A female suicide bomber blew herself up near U.S.-allied Sunni Arab fighters walking in a crowded area of Baqouba, killing at least eight of the guards and wounding 24 other people Thursday evening, police said.
The attack comes as the U.S.-backed Iraqi military is promising to launch a major offensive in Diyala province aimed at taming the last major insurgent belt north of Baghdad. Baqouba is the province's capital.
The woman, who was shrouded in a traditional black Islamic robe, detonated her explosives belt at about 8:30 p.m. as she approached a group of Awakening Council guards in the central New Baqouba area, a police officer said.
The officer, who read the police bombing report but spoke on condition of anonymity because he wasn't authorized to release the information, and witnesses said the local Awakening Council chief, Naaim al-Duliami, was killed along with seven of his bodyguards.
The U.S. military in northern Iraq said troops were investigating the bombing and it could not immediately confirm that the attacker was a woman.
The Sunni turn against al Qaeda has been credited by the U.S. military as a key factor in driving down Iraq's violence to its lowest point in more than four years. Also cited are the U.S. troop buildup and a cease-fire declared by anti-U.S. cleric Muqtada al-Sadr for his Shiite militia.
Members of the U.S.-allied Sunni groups have frequently been targeted by al Qaeda in Iraq and other insurgents seeking to derail the security gains.
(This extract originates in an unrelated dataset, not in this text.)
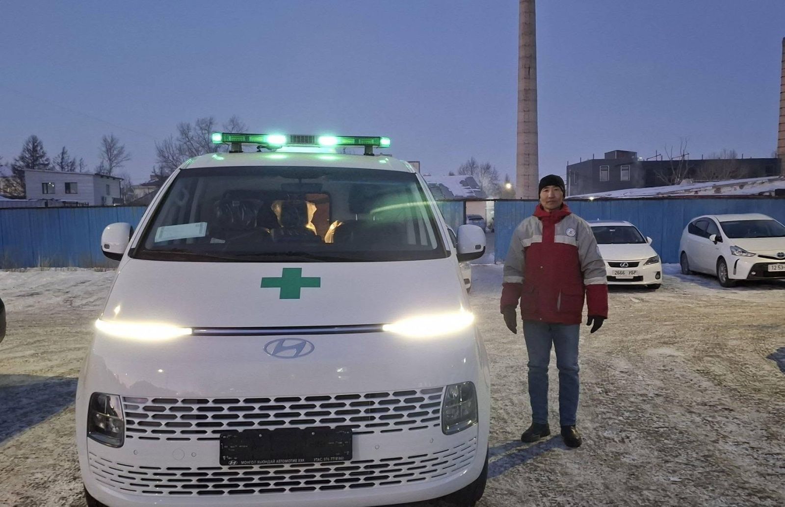 Уулзалтын хүрээнд НЭМГ-аас Налайх дүүргийн ЭМТ-д 214 сая төгрөгийн үнэ бүхий HYUNDAI STARIA маркийн түргэн тусламжийн шинэ автомашиныг гардуулан өглөө.

Earlier Thursday, gunmen killed three Awakening Council members in drive-by shootings at checkpoints in the Sunni neighborhood of Azamiyah in northern Baghdad, according to a leading member of the group, who spoke on condition of anonymity because of security concerns.
Baqouba and other areas in Diyala been hit by several bombings in recent months as Sunni insurgents show they retain the ability to cause casualties. Two suicide bombers attacked army recruits at a Baqouba military camp last week, killing at least 28 people and wounding 57.
Insurgents have increasingly been using women to stage suicide bombings in a bid to avoid security measures. Women are more easily able to hide explosives under their cloaks and they often are not searched at checkpoints.
Laying the groundwork for the expected new Diyala offensive, American soldiers of the 3rd Squadron, 2nd Stryker Cavalry Regiment have been searching caves and blowing up suspected hideouts believed used by al Qaeda near the mountain town of Qara Tappah, about 50 miles northeast of Baqouba.
They also checked IDs of adult males in each house and detained some on suspicion of being al Qaeda operatives as part of this week's sweep, "Operation Cat's Eye."
U.S. commanders have said they will assist Iraq's government in pursuing the Diyala offensive against militants who are trying to regroup in the area.
American soldiers held talks Thursday with local officials in Qara Tappah, about 30 miles west of the Iranian border and close to the Hamrin mountains. The town, with a mixed population of Arabs and Turkomens, had become a safe-haven for al Qaeda, U.S. officers say.
In June, a female suicide bomber targeted a crowd of soccer fans celebrating Iraq's 2-1 win over China in a World Cup qualifying match, wounding 34 people near a cafe in Qara Tappah, which means Black Hill.
On Thursday, a U.S. patrol struck an improvised explosive device in the area but no one was seriously injured, the military said.
In another reminder of the dangers still facing Iraqis, the 18-year-old son of the chief editor of a U.S.-sponsored newspaper was shot to death Wednesday as an American patrol passed nearby in the northern city of Kirkuk, police said.
Police Brig. Gen. Sarhat Qadir said it was unclear who fired the bullet that killed Arkan Ali Taha, suggesting it might have been a sniper aiming at the Americans.
"Police until now are still investigating and we can't say whether the Americans are to blame or the attackers," Qadir said.
The U.S. military said American troops came under small-arms fire from a purple sedan while they were on a foot patrol in the volatile city, 180 miles north of Baghdad.
"The soldiers returned fire in self defense, killing a passenger in the car. The driver of the vehicle was taken into custody," the military said. It said one soldier was wounded in the gunbattle.